Çocukluğuma dair anımsadığım pek az hâtıradan, şüphesiz ki en yürek sızlatıcı olanı şuydu: Bir yaz günü, muhtemelen yorucu bir sokak oyunu sonrasında, sağ elimi bir ağaca dayamış şekilde nefesleniyordum. Ağacın üzerinde gezinen elim, tomurcuğumsu bir şeye ilişti ve kötü bir refleksle tomurcuğumsu şeyi iki parmağımda ezdim. Biraz sonra bunun bir tomurcuk değil (ki öyle olsaydı da, bu yine saldırgan bir hareketti), simsiyah bir böcek olduğunu fark ettim. Hissettiğim ilk şeyin bir mide bulantısı olduğunu çok iyi anımsıyorum. Ama bugün hissettiğim şey, mide bulantısından çok daha ağır, çok daha katlanılmaz. Ellerimin doğa için bir felâket olduğunu hissedebiliyorum ve bu asla bağışlanabilir bir şey değil. Ağaçta gezinmekte olan bir kara böceğin (ki onun, sokakta yürümekte olan bir insandan hiçbir farkı yok) katiliyim. Ve belki de daha fazlasının; bir sineğin, bir karıncanın, bir kelebeğin. Pekâlâ sizin böylesi kötü bir hâtıranız var mı? Yoksa öldürdüğünüz şeye dönüp bakmadınız mı hiç?
Konuyu getirmek istediğim asıl yer ise; bir davranışı ahlâkî olarak motive eden şeyin, bütünüyle ahlâk dışı bir paradigma olduğudur. “Öldürmek kötü bir şeydir” önermesi ahlâkî bir atıfta bulunuyor olsa da, öldürülen şeyin kim ya da ne olduğunun önem arz ettiği noktada, davranışımızın ahlâki değerlendirmesi de değişebilir. Söz gelimi bir hamamböceğini, “isyankâr köle zenci”yi ya da “terörist”i öldürmek (ya da meşhur ifadelerle “imhâ etmek”, “etkisiz hâle getirmek”) yukarıdaki ahlâkî önermenin dışında tutulabilir. Oysaki öldürülen, mahalle tanışığınız ve neredeyse senede bir selamlaştığınız pek samimi dostunuz ise, söz konusu cinayet bütünüyle ahlâkın mevzusudur.
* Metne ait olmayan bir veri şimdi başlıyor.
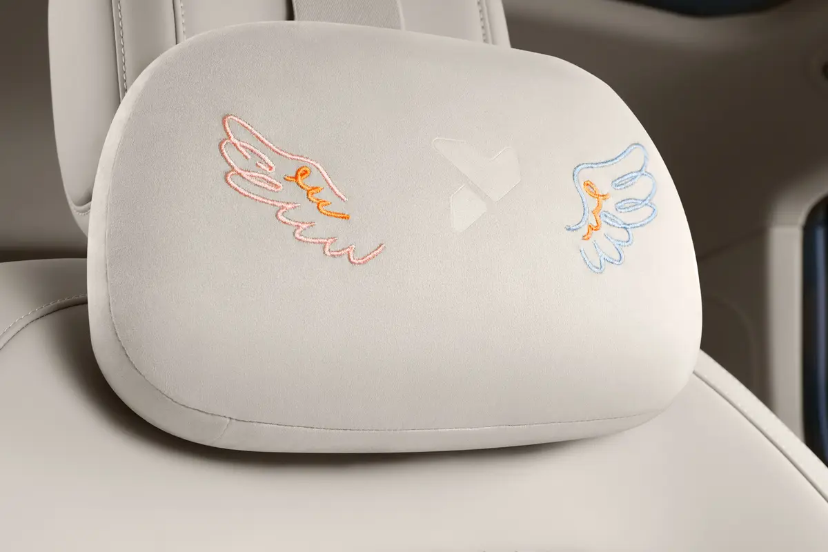 不仅外观方面做出区分,内饰方面也同样进行调整。车内以米色麂皮材质营造出高级感与温暖氛围,飞马羽翼刺绣软枕/腰靠、天马主题低碳与定制车机主题形成视觉闭环,相信很多年轻的女性消费者定会被其“拿捏”。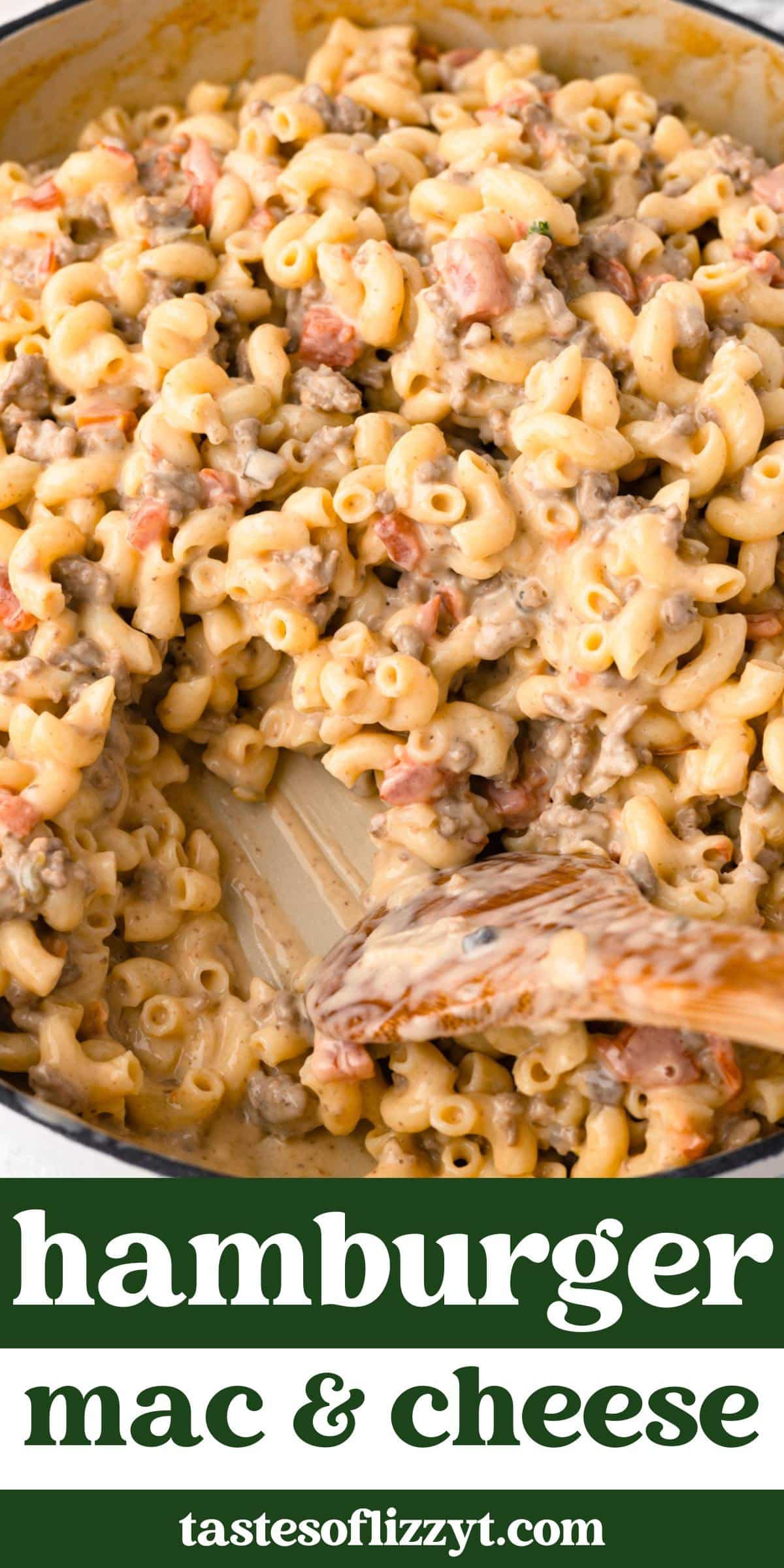 Hamburger Mac and Cheese ready in 25 minutes. A foolproof, hearty skillet meal with ground beef, Velveeta, elbow macaroni, and tomatoes with chiles.

Tanışığınız olan maktûl bütün erdemleri üzerinde toplamış bir “insanötesi” iken, tanışığınızı öldüren “kalleş”, neredeyse bir ahlâksızlık anıtıdır. Buradaki refleks anlaşılabilir olsa da; bu, düpedüz kötü bir etik standarttır.
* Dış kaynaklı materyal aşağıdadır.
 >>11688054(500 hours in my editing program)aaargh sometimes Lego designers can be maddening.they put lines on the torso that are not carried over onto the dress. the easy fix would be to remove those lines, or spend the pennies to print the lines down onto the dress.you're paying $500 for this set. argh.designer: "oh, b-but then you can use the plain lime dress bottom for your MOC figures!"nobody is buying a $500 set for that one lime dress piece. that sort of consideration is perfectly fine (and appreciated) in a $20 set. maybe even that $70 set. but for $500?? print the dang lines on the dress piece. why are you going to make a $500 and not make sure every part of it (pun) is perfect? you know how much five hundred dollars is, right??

Ve buradan hareketle, canlı doğanın her bir parçasının, “canlı olmak” temelinde birbirine denk ve “canlılığını yitirmek” temelinde etik bir muameleye lâyık olduğu açıktır. İnsan, canlı doğanın içinde ahlâkî davranmakla kendini yükümlü kılmış tek varlık olarak, yalnızca bu temeli özümsemeli ve hiç de kapsayıcı olmayan başka türden paradigmaları gözardı etmeyi becerebilmelidir. Bir sineği öldürmek, bir insanı öldürmekten asla daha bağışlanabilir değildir. Ya da düşmanınızın ölümü de tıpkı kahramanınızın ölümü gibi etik bir meseledir.
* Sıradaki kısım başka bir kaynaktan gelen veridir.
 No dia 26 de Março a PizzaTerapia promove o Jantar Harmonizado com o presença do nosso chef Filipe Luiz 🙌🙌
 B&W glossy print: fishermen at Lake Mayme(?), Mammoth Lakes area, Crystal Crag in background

Bütün bu etik meselelerle uğraşmak istemiyorsanız; bir sineği öldürmekten de, bir insanı öldürmekten imtina ettiğiniz kadar (eğer bu kaçınma, cezadan kaçınma değilse) imtina ediniz.
Hölderlin yurdunuz, Tagore göğünüz,
Camus yâr, Nietzsche yardımcınız olsun.